Highlights of the plan include:

  • Attendance will be at approximately 25 percent.
  • Seats will be reassigned to provide for greater distancing.
  • Masks will be mandated throughout the entire venue, both indoors and outdoors.
  • Everyone will be screened with a contactless thermometer, and individuals with a temperature in excess of 100.4 degrees will be prohibited from entering the Speedway.
  • All drinking fountains and misting stations will be removed.
  • Capacity limits on elevators will be enforced.
  • Options from concession stands will be limited to mostly pre-packaged foods.
  • To reduce crowding, many activities will be eliminated, including all concerts, the VIP Red Carpet and the Indiana Press Foundation’s Last Row Party.
  • To help the venue and community prepare for Indy 500 Race Day, all Saturday activities, including Legends Day at IMS and the downtown 500 Festival Parade, have been canceled.
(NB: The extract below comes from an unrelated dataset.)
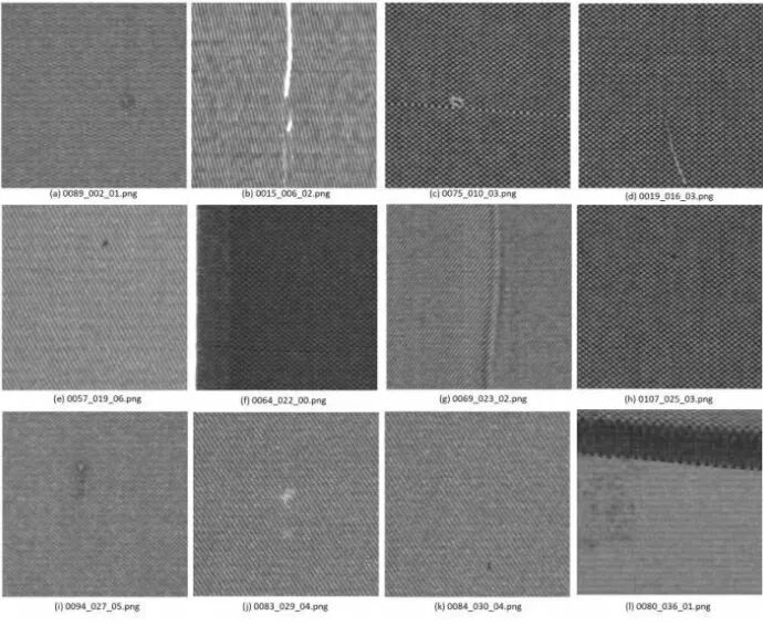 该数据库由七个不同织物结构的245张4096 x 256像素图像组成。数据库中有140个无缺陷图像,每种类型的织物20个,除此之外,有105幅纺织行业中常见的不同类型的织物缺陷(12种缺陷)图像。图像的大尺寸允许用户使用不同的窗口尺寸,从而增加了样本数量。
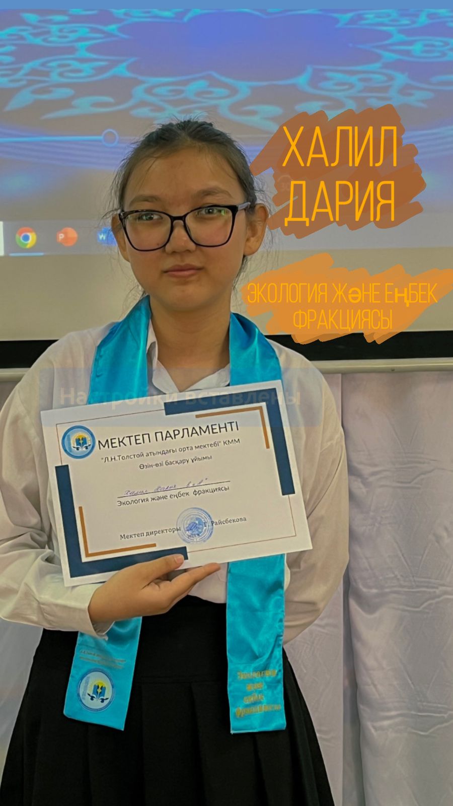 1 Халил Дария 8 «А» сынып Экология және еңбек фракциясы

Key 500 Festival programming will transition to digital platforms.
  • Signage will be displayed throughout the venue to encourage healthy practices, and staff will move about the facility to monitor conditions and assist customers.

The plan dives deeply into facility sanitation, cleaning and disinfecting practices, and workforce preparation training and deployment.

“We think it’s important to welcome race fans to the ‘500’ and to demonstrate that America, Indiana and Indianapolis do not need to shut down," Miles said. “We can and will operate with every precaution we can think of as we welcome fans to the race. We will continue to work with our local and state health officials to ensure we’re doing whatever is necessary to protect our fans."